Leaders of the Gas Exporting Countries Forum and OPEC will make official statements at the UN summit next week, alongside world leaders, heads of nonprofit organizations and intergovernmental groups.

Patrick Pouyanné, President of TotalEnergies

Patrick Pouyanné, president of TotalEnergies: “We are investing massively in gas, because gas is a transition fuel” © Fayez Nureldine/AFP/Getty Images

“I don’t think we can continue to deal with such an overwhelming presence,” said Laurence Tubiana, a key architect of the Paris Agreement. “They have so much money to do PR. . . They come when they see it’s really bad [for the industry].”

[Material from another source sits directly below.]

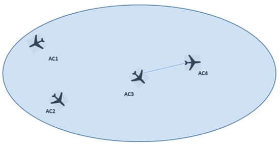 Figure 1 shows an arbitrary sector. The only interdependency exists between and . However, as there are four aircraft in the sector, the potential number of interdependencies is six, therefore the ED score for this sector is .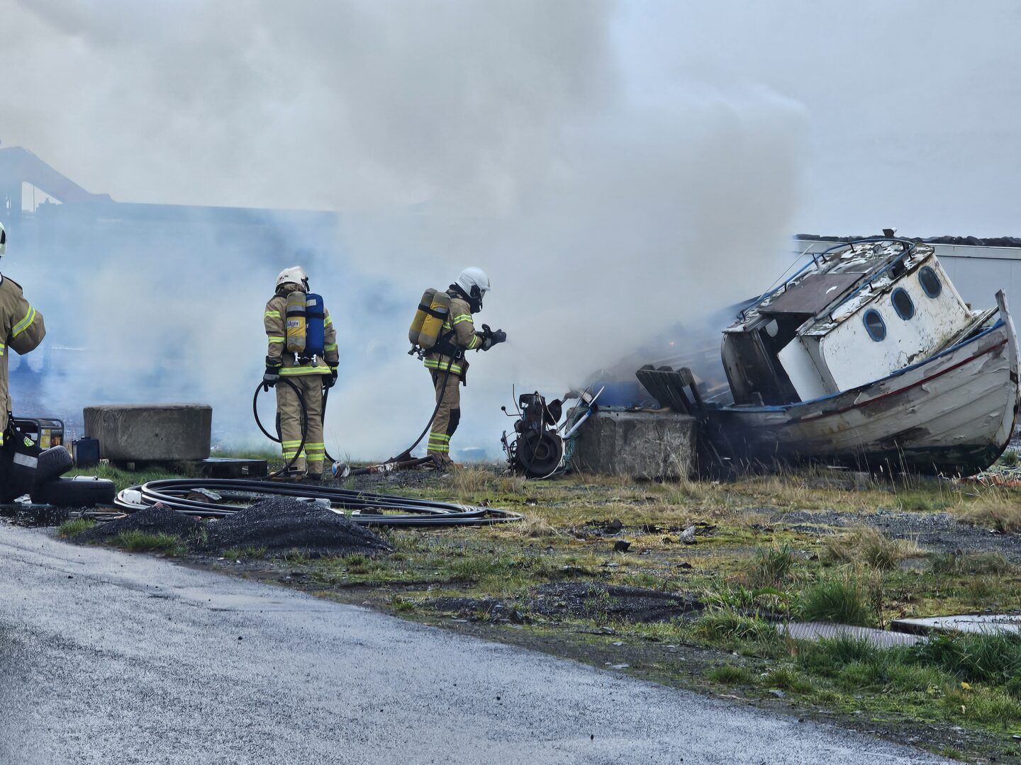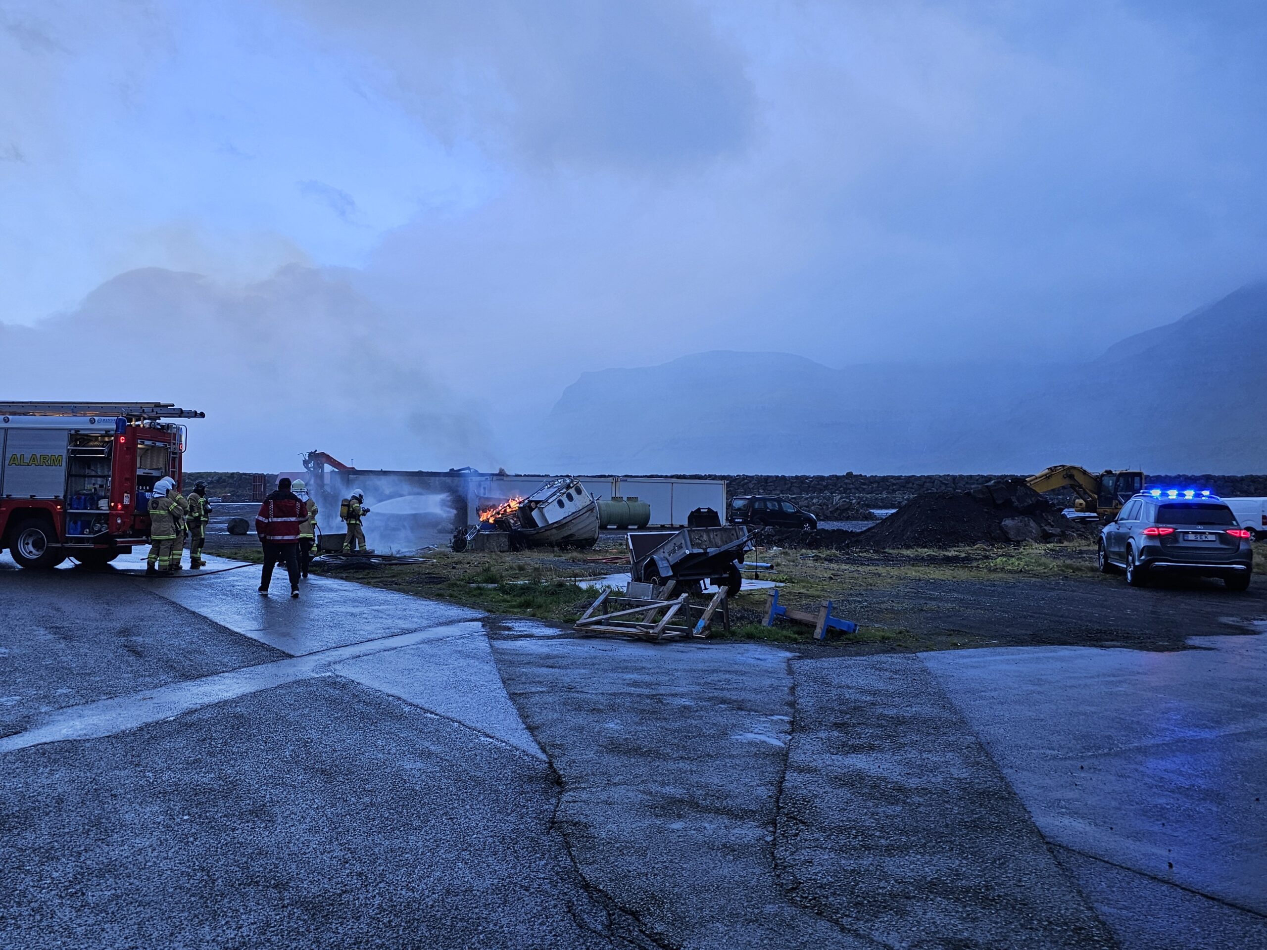Tað var Sløkkiliðið hjá Eysturkommunu sum í kvøld hevði eina sløkkiliðsvenjing, har teir vóru boðsendir at sløkkja ein eld sum var í einum gomlum útróðrarbáti sum stóð á landið.

The gas industry lobby was a ‘huge problem’, said Catherine McKenna, Canada’s former climate minister who last week launched a UN-commissioned report on how to tackle corporate greenwashing .

Among the contentious issues at COP27 is whether gas can be considered a “transitional” fuel, or an intermediate step as the use of coal is phased out. It is composed primarily of methane, which has 80 times the warming power of carbon, but has a shorter lifespan.

“We are investing heavily in gas, because gas is a transition fuel,” TotalEnergies’ Pouyanne said at the Saudi summit.

A few days before the start of the COP, the Egyptian Minister of Petroleum and Mineral Resources, Tarek El Molla, declared that gas “will continue to play a key role in the future energy mix”.

Patricia Espinosa speaking at COP26 in 2021
Patricia Espinosa speaking at COP26 in 2021 © Ian Forsyth/Getty Images

Patricia Espinosa, the Mexican diplomat who left her post as UN climate chief this year, said generalizations were of no use because countries had specific needs and resources. If countries thought the new gas was essential, they should set out a clear plan to move away from it in the longer term, she said.

“That’s what we don’t see… We still don’t have a serious assessment, a serious study of what the energy transition will look like.

Formal negotiations will be the focus of the COP next week, which analysts fear will be swayed by fossil fuel interests seeking to delay more ambitious climate action.

People familiar with the talks said countries like China and Saudi Arabia wanted to limit a “work program” on how the countries would work together to cut emissions faster by 2030.

Addressing disappointment with US leaders over raising capital for clean energy shifts in poorer countries, US Senator Sheldon Whitehouse said “corporate America” ​​had dampened ambition.

“The fossil fuel industry runs a very complex and elaborate operation to attack climate action, usually hiding its hand behind front groups” since publicly traded companies “don’t want to own their behavior,” he said. declared. “It’s a massive political influence operation – it’s very powerful.”